Chemical Dosing pump troubleshooting

Failure to pump

  • Leakage in the suction side of the pump
  • low suction level
  • ruptured diaphragm
  • Worn out seal in the valve seats
  • Cracked pump head
  • The pump head contain air
  • A fault in the wiring and electronic control board

Loss of chemical residue

  • the solution container is dry
  • scaling at the point of delivery
  • very low pump setting

Excess chemicals

  • use of a very rich chemical in the container
  • chemical siphoning into the mainline
  • very high pump setting

Pump refusing to prime or losing prime

  • clogged check valve
  • check valve not correctly sealed
  • Excess pressure at the discharge
  • Suction lift too high


This article discusses the chemical pump, the types of chemical pumps, and the operating mechanism. The article also highlights the general application of chemical pumps, not just in the chemical industry but also in other industries, and the advantages and disadvantages. The Chemical pump has been described as a broad category of pumps used in the industries to transfer, mix, or dispense chemicals in a system.

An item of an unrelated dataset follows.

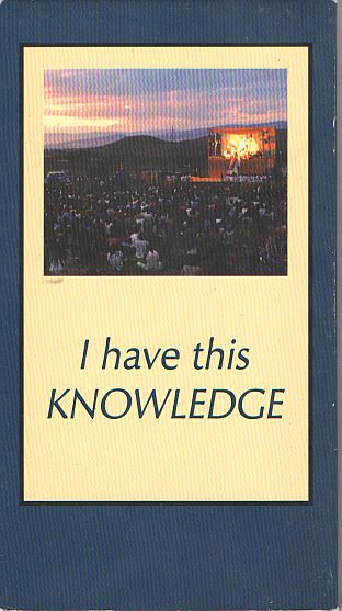 I Have This Knowledge, a Visions International, 1996 11 minute long video, allows premies to reminisce watching small clips and still photos from the early 70's Divine Light Mission archives. The soundtrack is an upbeat, edited "satsang" of Prem Rawat's talking about his early life in the West, some "interviews" with members of his inner circle and pointed comments about "Indian cultural" artifacts mistakenly taken up by young Westerners of the time that Prem Rawat has "removed" from Élan Vital doctrines.

Chemical pump manufacturers classify chemical pumps into two broad categories: centrifugal and positive displacement chemical pumps. Centrifugal chemical pumps transfer the chemical by converting the rotational energy of a motor-driven rotor, known as an impeller, into kinetic and pressure energy of the chemical. Positive displacement pumps on the other hand convert the energy of displacement components such as diaphragm, piston, lobes, into the pressure energy of the chemical to move the chemical through the system. Positive displacement chemical pump types include lobe chemical pumps, chemical dosing pumps, and Air-operated double diaphragm pumps. According to the chemical pump manufacturer, each type of chemical pump has its characteristics that makes it more suitable for a particular application as compared to the other pumps. For example, a centrifugal chemical pump is proper for low viscosity chemicals while a positive displacement chemical pump is best suited for high viscosity chemicals where a lot of energy is required for the pumping process. Major industries using chemical pumps include oil and gas, pharmaceutical, slurry processing, food processing, nuclear energy, and biofuels.

Some of the advantages of chemical pumps include high corrosion resistance, longevity, and size and application versatility. However, chemical pumps also have several disadvantages including high initial installation and maintenance cost, noisy and vibratory operation, positive displacement pumps have complex construction and therefore are difficult to maintain. Also, the centrifugal chemical pump requires initial manual priming and cannot operate at high speed.